How to solve $ 13x \equiv 1 ~ (\text{mod} ~ 17) $?

How to solve $ 13x \equiv 1 ~ (\text{mod} ~ 17) $?

Please give me some ideas. Thank you.


Solution 1:

You use the extended Euclidean algorithm as so:

$$17 = 1 \cdot 13 + 4$$ $$13 = 3 \cdot 4 + 1$$

Therefore

$$1 = 13 - 3\cdot 4$$ $$1 = 13 - 3 \cdot (17 - 1\cdot 13)$$ $$1 = 4 \cdot 13 - 3 \cdot 17$$ $$4 \cdot 13 - 1 = 3\cdot 17$$ $$x = 4$$

Solution 2:

@lab’s method is systematic and dependable, but for small prime moduli, I find trial and error to work very well.

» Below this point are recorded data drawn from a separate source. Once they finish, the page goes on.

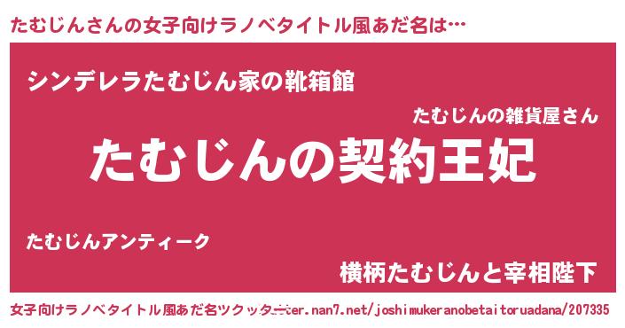 男性向けラノベタイトル風あだ名 | 『誰もが恐れるあのたむじんが、ぼくの専属メイドになるようです。』 |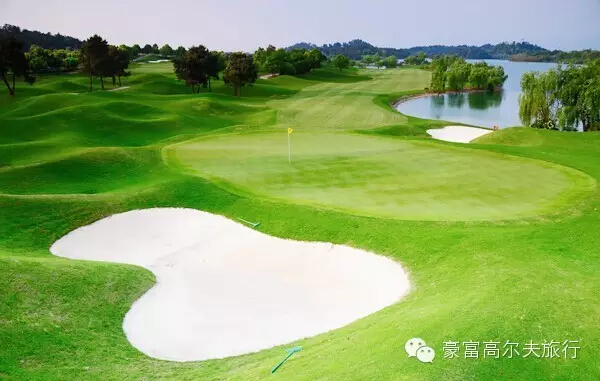 B场以湖景为主的山谷型球道。球道均沿着自然的湖岸设计,拥有丰富的水域障碍,为球友提供了一个挑战自我的挥杆场所。
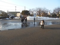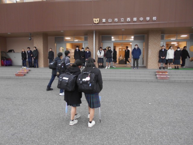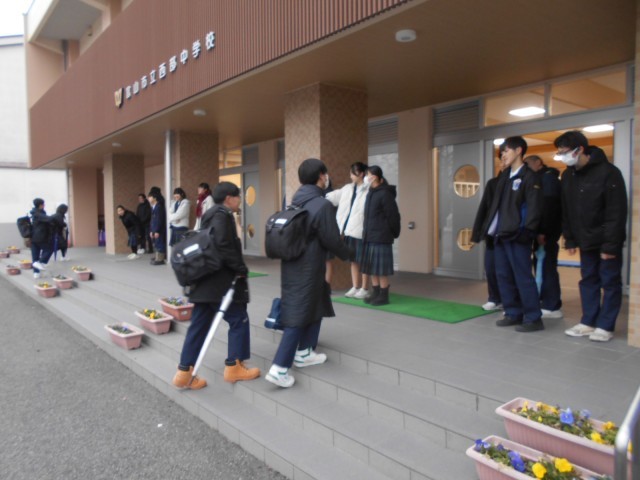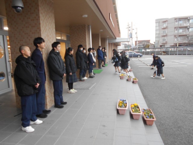春はもうすぐそこまで? ウェイクアップスマイルは生徒玄関前で行われました。交わされる「おはよう」も自然と大きくなります。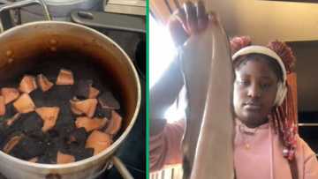 Woman burns mogodu in TikTok video and gets scolded by mom for failed cooking attempt, viewers feel her pain: "So relatable"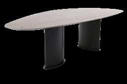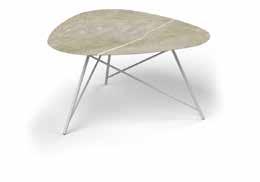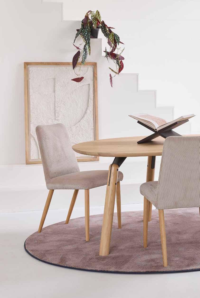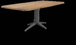 Tafel Trinity is een perfect samenspel van hout en metaal, van symmetrie en geometrie. Ontworpen als driepoot met een asymmetrisch blad in Kiezelvorm, maar ook verkrijgbaar in een meer traditionele uitvoering met vier poten en een recht, ovaal, platovaal of rond blad.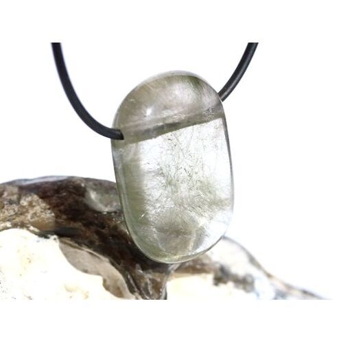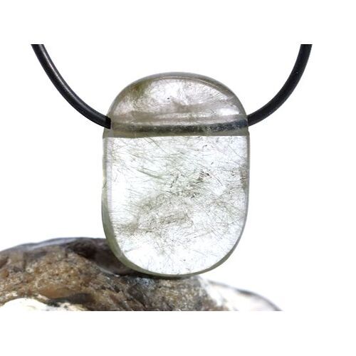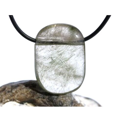 - Besonderheit: Sonderqualität! Edel-zeitlose, geometrisch und flach geschliffene Form - flach geschliffene Auflagen - beidseitig tragbar - Sonderbohrdurchmesser! Wunderschöne feine und im entsprechenden Licht und Winkel (z. B. Halogenspot) betrachtet schimmernde, grüne Aktionolithfasern. Der Bergkristall selbst ist kristallin klar/er!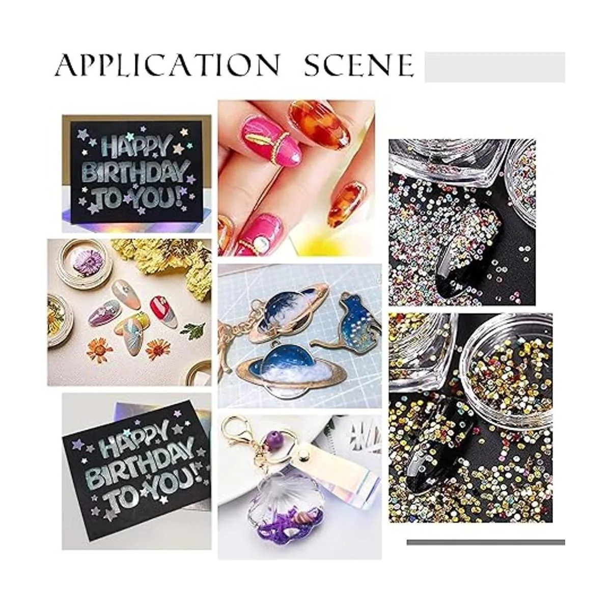 Manualidades de bricolaje: se pueden utilizar para hacer maquillaje, decoración de manualidades, hacer prendas especiales, úsalos para decorar bolsos, zapatos, joyas, funda de teléfono celular, manualidades de tarjetas, vestido de novia, libro, bolígrafo, guitarra, tazas, tacones altos, etc.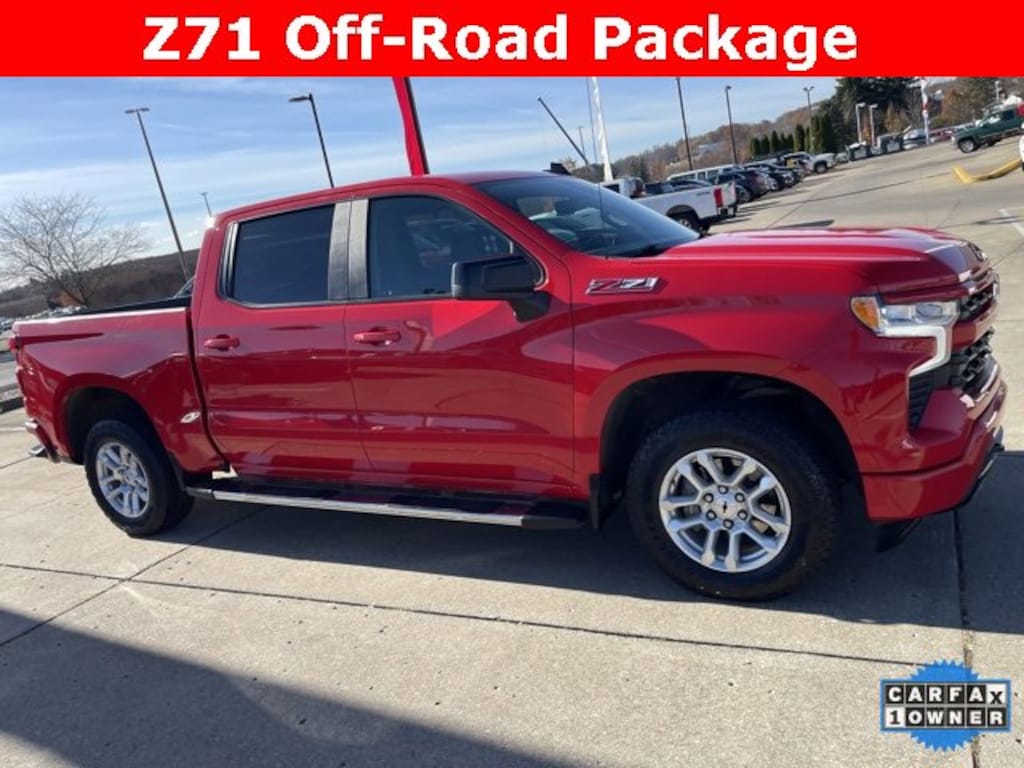 This Silverado 1500 RST comes equipped with Black Cloth, Running Boards, Apple CarPlay/Android Auto, Auto-Locking Rear Differential, Chevrolet Connected Access Capable, Chevytec Spray-On Black Bedliner, Color-Keyed Carpeting Floor Covering, Compass, Convenience Package, Deep-Tinted Glass, Dual Exhaust w/Polished Outlets, Dual Rear USB Ports (Charge Only), Electrical Steering Column Lock, Electronic Cruise Control, EZ Lift Power Lock & Release Tailgate, Front Frame-Mounted Black Recovery Hooks, Front LED Fog Lamps, HD Rear Vision Camera, Heated Driver & Front Outboard Passenger Seats, Heated Power-Adjustable Outside Mirrors, Heated Steering Wheel, Heavy-Duty Air Filter, High Gloss Black Mirror Caps, Hill Descent Control, Hitch Guidance, Illuminated entry, Inside Rear-View Mirror w/Tilt, Keyless Open & Start, Leather Wrapped Steering Wheel, LED Cargo Area Lighting, Off-Road Suspension, OnStar & Chevrolet Connected Services Capable, Power Windows, Chevrolet Infotainment 3 Premium, Protection Package, Rear 60/40 Folding Bench Seat (Folds Up), Remote Keyless Entry, Remote Start, SiriusXM w/360L, Standard Suspension Package, Standard Tailgate, Steering Wheel Audio Controls, Theft Deterrent System (Unauthorized Entry), Trailering Package, Wi-Fi Hot Spot Capable, Wireless Phone Projection & Z71 Off-Road Package. This Silverado delivers 14/19 City/Highway MPG. Clean CARFAX & CARFAX One-Owner Verified. Odometer is 2542 miles below market average!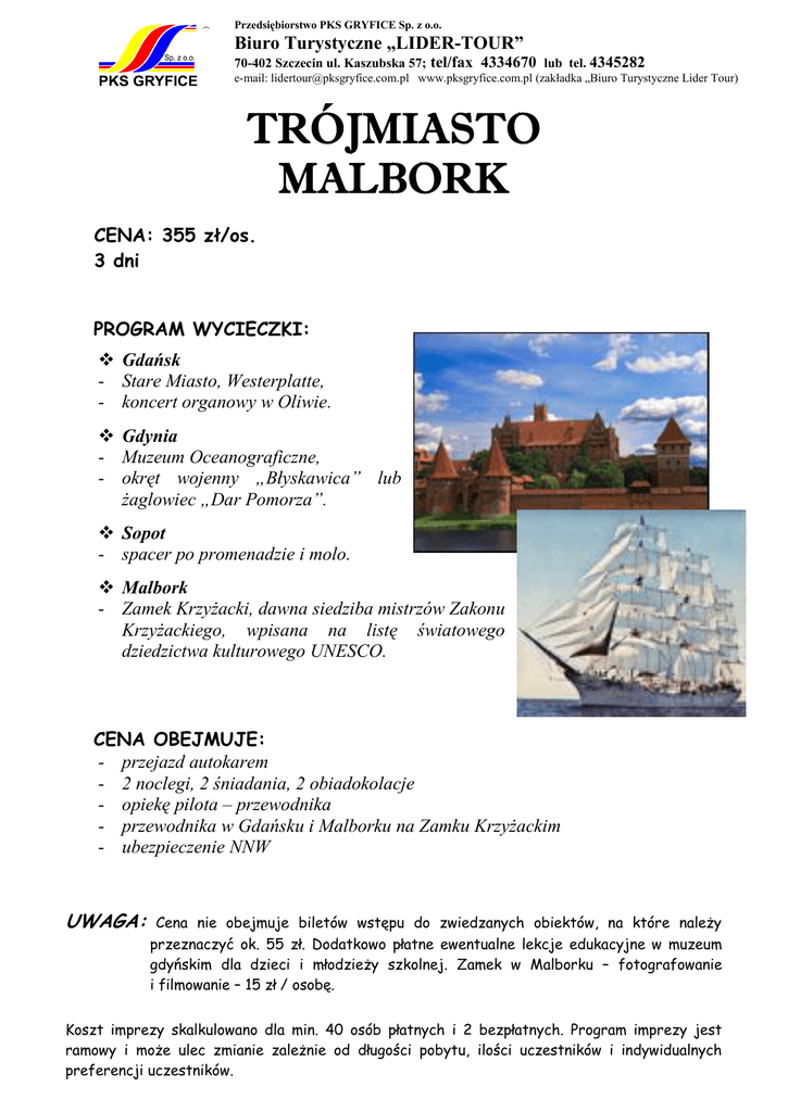 Przedsiębiorstwo PKS GRYFICE Sp. z o.o. Biuro Turystyczne „LIDER-TOUR” 70-402 Szczecin ul. Kaszubska 57; tel/fax 4334670 lub tel. 4345282 e-mail: [email protected] www.pksgryfice.com.pl (zakładka „Biuro Turystyczne Lider Tour) TRÓJMIASTO MALBORK CENA: 355 zł/os. 3 dni PROGRAM WYCIECZKI:  Gdańsk - Stare Miasto, Westerplatte, - koncert organowy w Oliwie.  Gdynia - Muzeum Oceanograficzne, - okręt wojenny „Błyskawica” lub żaglowiec „Dar Pomorza”.  Sopot - spacer po promenadzie i molo.  Malbork - Zamek Krzyżacki, dawna siedziba mistrzów Zakonu Krzyżackiego, wpisana na listę światowego dziedzictwa kulturowego UNESCO. CENA OBEJMUJE: - przejazd autokarem - 2 noclegi, 2 śniadania, 2 obiadokolacje - opiekę pilota – przewodnika - przewodnika w Gdańsku i Malborku na Zamku Krzyżackim - ubezpieczenie NNW UWAGA: Cena nie obejmuje biletów wstępu do zwiedzanych obiektów, na które należy przeznaczyć ok. 55 zł. Dodatkowo płatne ewentualne lekcje edukacyjne w muzeum gdyńskim dla dzieci i młodzieży szkolnej. Zamek w Malborku – fotografowanie i filmowanie – 15 zł / osobę. Koszt imprezy skalkulowano dla min. 40 osób płatnych i 2 bezpłatnych. Program imprezy jest ramowy i może ulec zmianie zależnie od długości pobytu, ilości uczestników i indywidualnych preferencji uczestników.

Think of multiples of $13$ till you get one that’s $1$ more than a multiple of $17$.

Another technique that I use especially when I’m doing extensive computations modulo a particular prime $p$ is to find (again by trial and error) a primitive element modulo $p$, that is a generator of the (cyclic) group of nonzero residues. As it happens, $3$ works for $p=17$, that is, the powers of $3$ exhaust all nonzero residues modulo $17$. Then you write down what the powers are in a list: $1$, $3$, $9$, $10$, $13$, $5$, $15$, $11$, $16=-1$, $-3$, etc., and you see that $3^4=13$ and $3^{-4}=3^{12}=4$, so that your desired answer is $4$. For a simple, single question like yours, this method is overkill, but it does come in handy for more extensive hand computations.

Solution 3:

We can rewrite our congruence as $-4x\equiv 1\pmod{17}$, or equivalently $4x\equiv -1\pmod{17}$. But this can be rewritten as $4x\equiv 16\pmod{17}$, which has $x\equiv 4\pmod{17}$ as its only solution.